Luckily after the sharp throbbing subsided, I saw that by some miracle, the 2-year-old had missed both my teeth and my nose, and had just given me a fat lip. My lips are extremely thin so whatever, I could use the plumping.

So after class, my fat lip and I went to teach another two classes, which went great. Even after my boss, who is ALWAYS looking out for children/teachers’ best interests & totally isn’t money hungry or anything scheduled a new class. One that she prefaced with (20mins before it started): “It’s 3 boys, one is super well-behaved, and the other two…oh you remember them, those 2 who  boys who did a demo lesson together & fought, cried, then smashed a glass plate in the kitchen after, yeah, they’re really naughty…anyways that’s who’s in the class.”

Sometimes I feel like my job is synonymous with a super hero’s: impossible and can only be completed with magical powers. Luckily I had chocolate and Skittles which I began throwing at the kids whenever they repeated English correctly. Psychological theory of positive reinforcement REALLY works with children.

So after the hell class wasn’t so hellish, my boss did what she does best: completely ruin my day. She read/translated an e-mail from a group of parents from my Thursday “ALL the parents in the class” (3 out of 6 parents but, okay, math can be hard), who said they were upset because:

1)    my classes are boring/children don’t want to come…the same children who climb all over me, constantly hug me, high 5 me and laugh at everything I do…

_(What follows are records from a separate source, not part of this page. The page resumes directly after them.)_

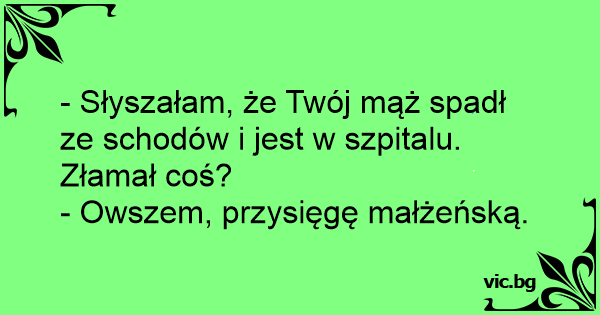 - Słyszałam, że Twój mąż spadł ze schodów i jest w szpitalu. Złamał coś?
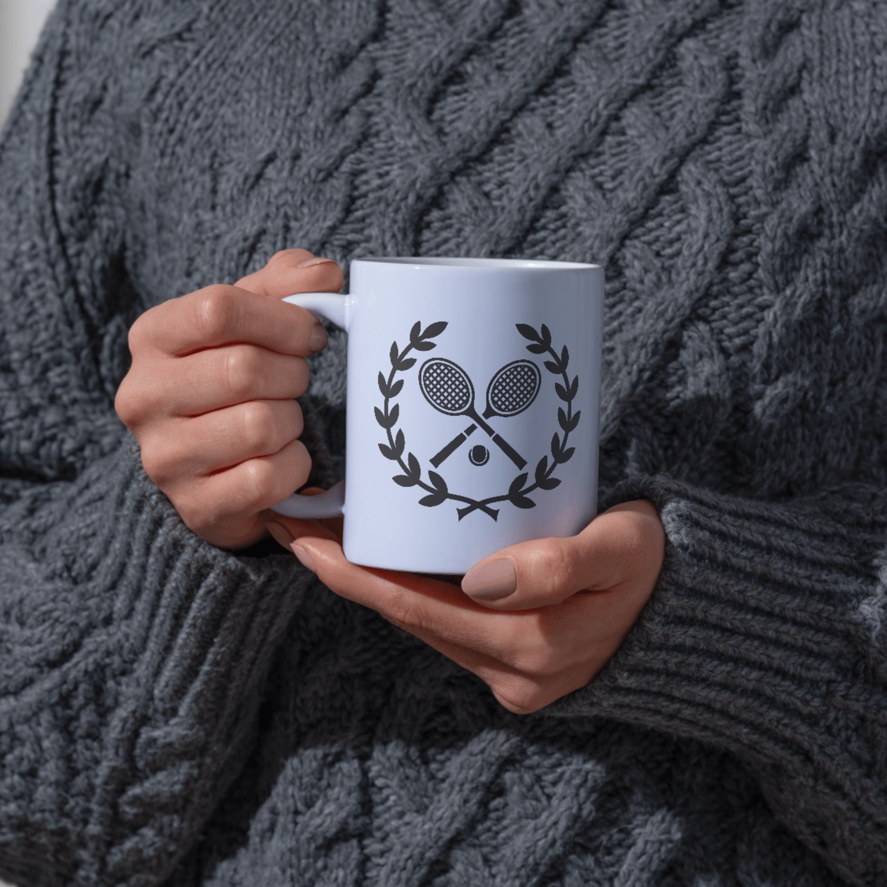 This design features a beautifully crafted wreath of laurel leaves encircling two crossed tennis racquets and a tennis ball, perfect for sports enthusiasts and crafts.
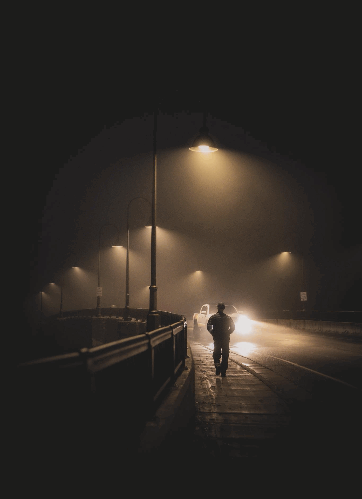 Nhìn lại bức ảnh này — một người đi trong đêm, ánh đèn chỉ đủ chiếu vài mét — mình thấy hình ảnh của chính mình trong những chặng đường đã qua.
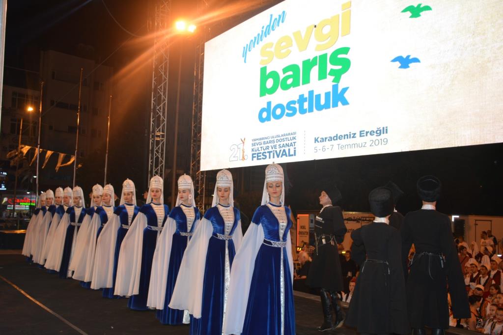 21. Sevgi, Barış, Dostluk Kültür ve Sanat Festivali’ne katılmak üzere Kdz. Ereğli’ye gelen 6 ülkenin halk dansları grupları oyunlarıyla festivale merhaba dedi.
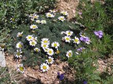 Mat daisy is a low growing spring blooming plant. Drought tolerant. Not exactly a groundcover, as the top growth disappears during summer and reemerges as a green basal rosette in fall, getting ready to bloom again in the spring. Blooms late March to May with small white daisy-like flowers that have pink undersides. Forms a compact ground-hugging mat. Will self seed some, but never invasively.
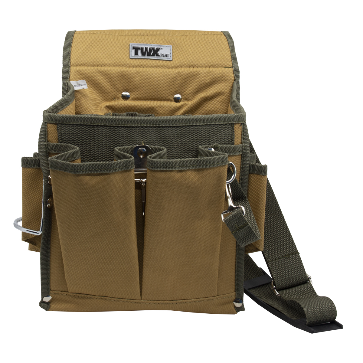 Heavy-duty canvas; padded shoulder strap nylon electrician’s tool pouch.
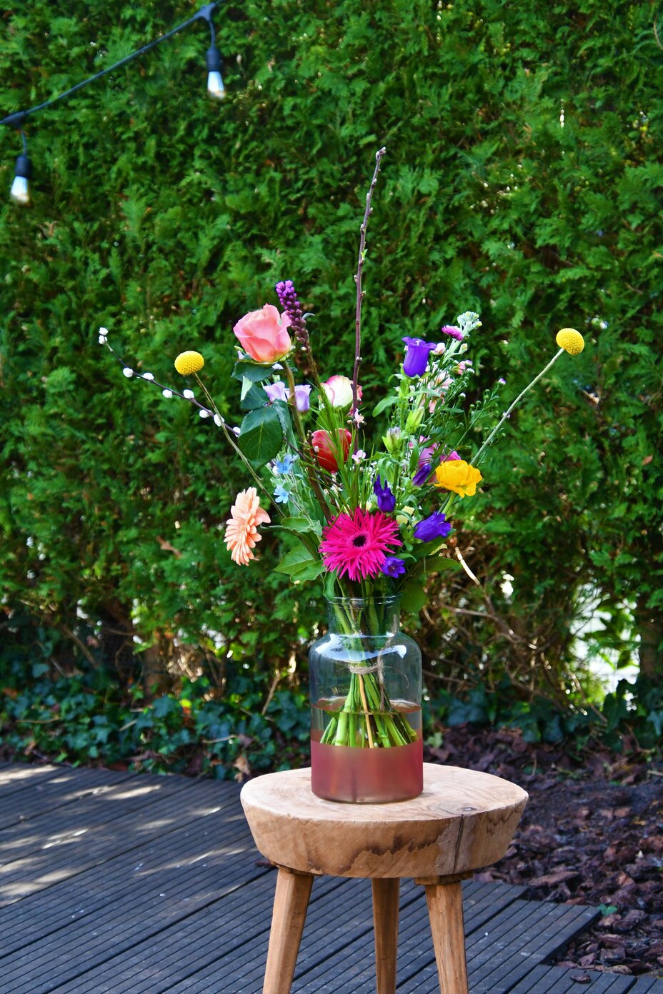 Zet de bloemen in een schone vaas (nooit schoonmaken met afwasmiddel of in de vaatwasser!) met lauw warm water en los hierin de bijgeleverde snijbloemenvoeding op. Let erop dat het blad het water niet raakt. Als laatste hoef je alleen nog maar te gaan genieten van je prachtige bloemen!
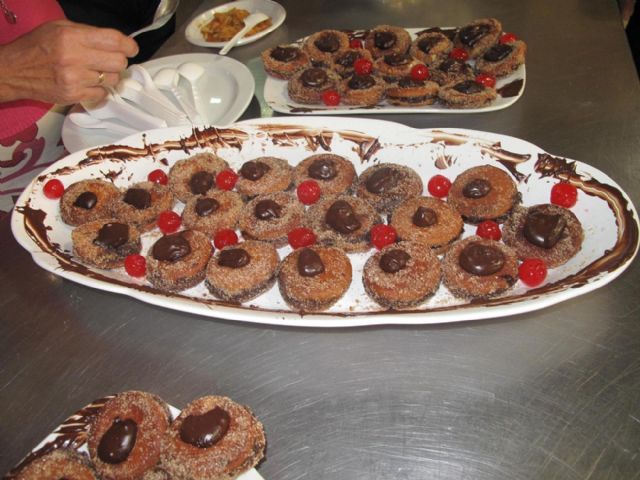 De primero, una ensalada, que ha estado acompañada por un guiso tradicional. Respecto al postre, unas rosquillas de chocolate han hecho las delicias de todos los comensales.
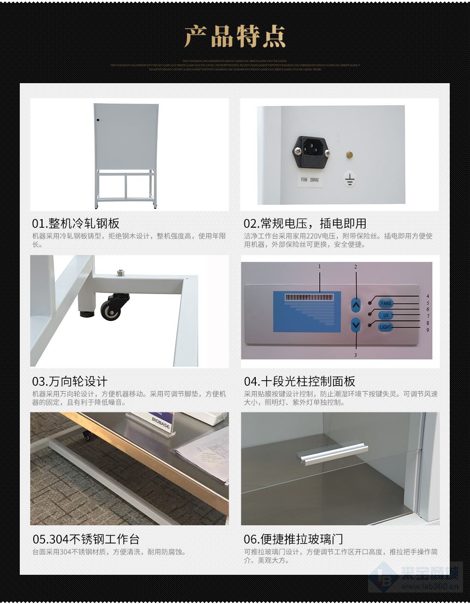 1.11 底腳頂絲、潔凈臺(tái)萬(wàn)向輪的設(shè)計(jì),潔凈臺(tái)可通過(guò)萬(wàn)向輪移動(dòng)且可以通過(guò)調(diào)節(jié)底腳頂絲固定調(diào)平。

2)    I don’t ‘speak’ to them…uh oh, she caught on to my mute teaching practice, right when I was getting so good at miming out everything to the kids too…

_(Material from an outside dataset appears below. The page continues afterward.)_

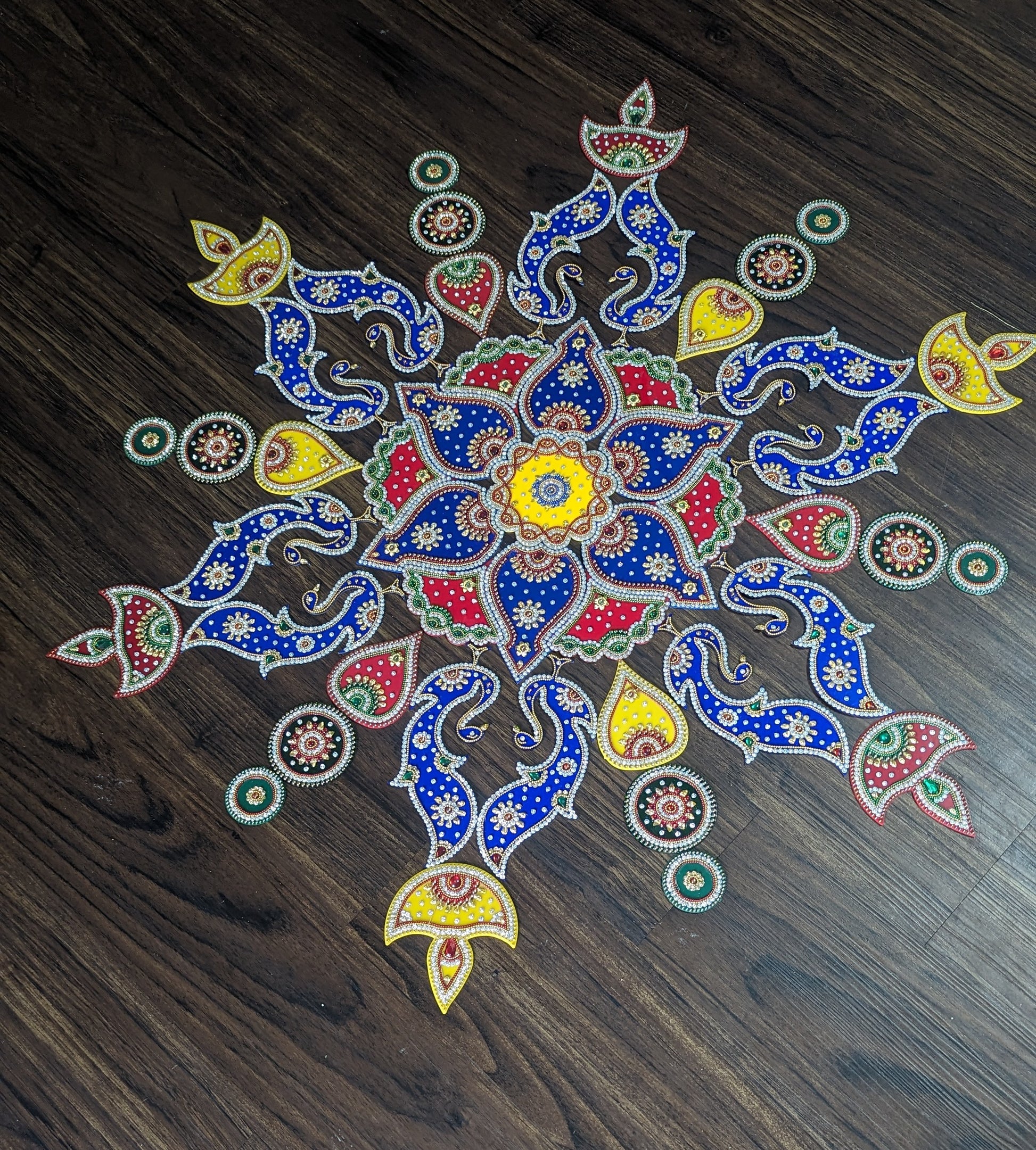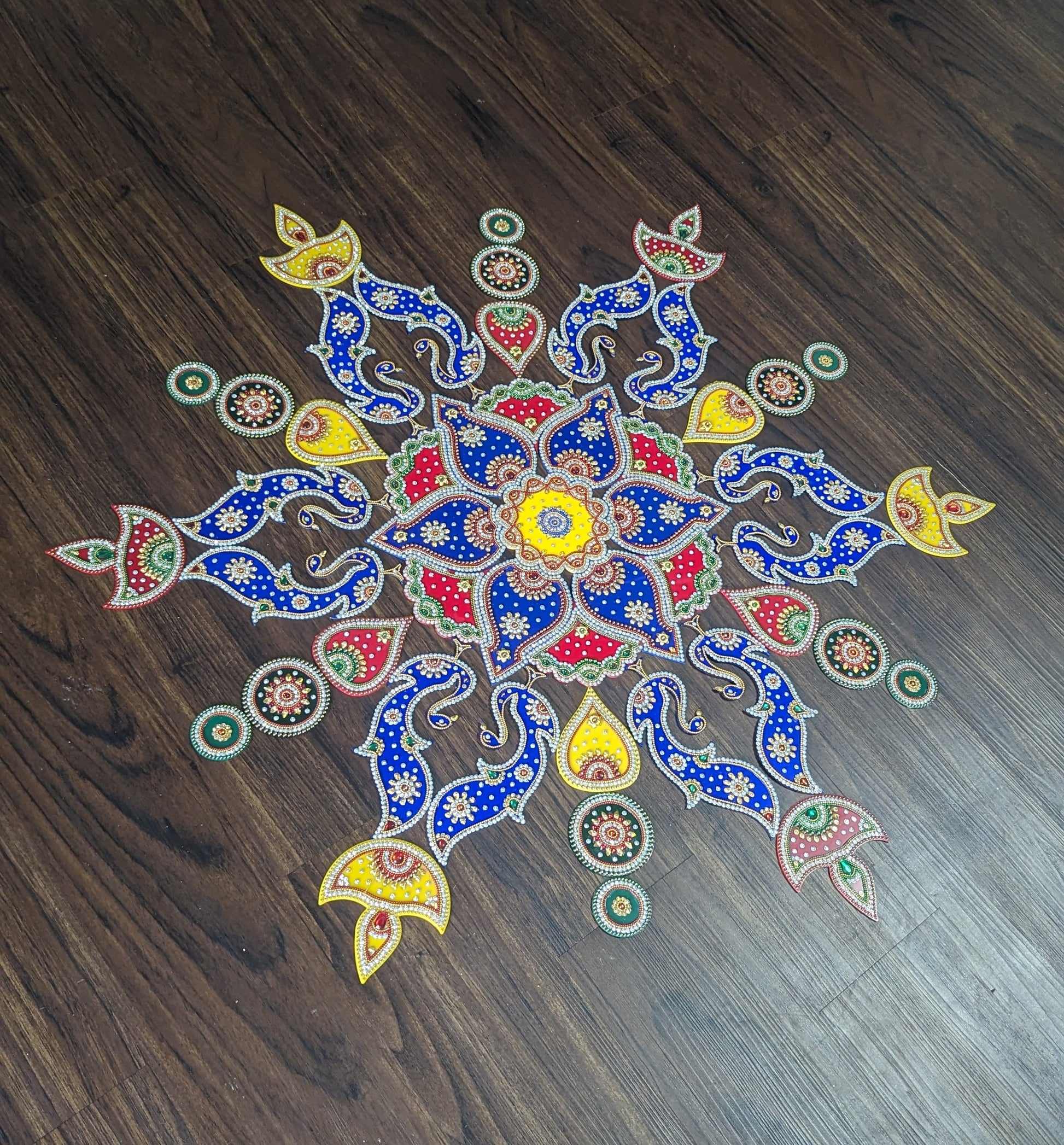 Bring home this beautiful vibrant festive special multi color, completely hand made Acrylic Rangoli set of 50 pieces to decorate your floor on special occasions.

3)    All we do is color, and children don’t like to do that…um, SINCE WHEN? And we are not ‘coloring’ we are demonstrating shape recognition, math practice and improving motor skills, but yeah, you’re right that’s no good.

4)    I don’t bring in foods/toys/plates/random expensive objects when I am talking about them…you know, the ones I can all TOTALLY afford from making 11,000kc a month…

Needless to say, this e-mail really upset me. Not because of what the parents had said, but because they said it. The same parents who bought me expensive Christmas chocolates, ask me about my home life and my vacations. These were not clients, these were friends. I felt pretty betrayed to be honest, also completely blindsided because I never had ANY indication they were unhappy at all.

Instantly I wanted to point fingers back. Because I realized I was set up to fail. This class was once a calm class of 4, aka: one quiet girl, a brother and sister who were silly but managable and my favorite student, Ivan. This formula worked. We had fun, we were focused and we got things done.

But then my boss decided to stuff in 3 more kids: a brother and sister who were adorable but extremely quiet and one boy who was super hyper and REFUSED to speak English. Suddenly it was a circus.

I often felt like a shepard herding sheep. Once all 7 were sitting, someone would get up, someone would knock something over, someone was already finished, and someone had no clue what was going on. It was exhausting. They were all on different levels and there was nothing I could do about it.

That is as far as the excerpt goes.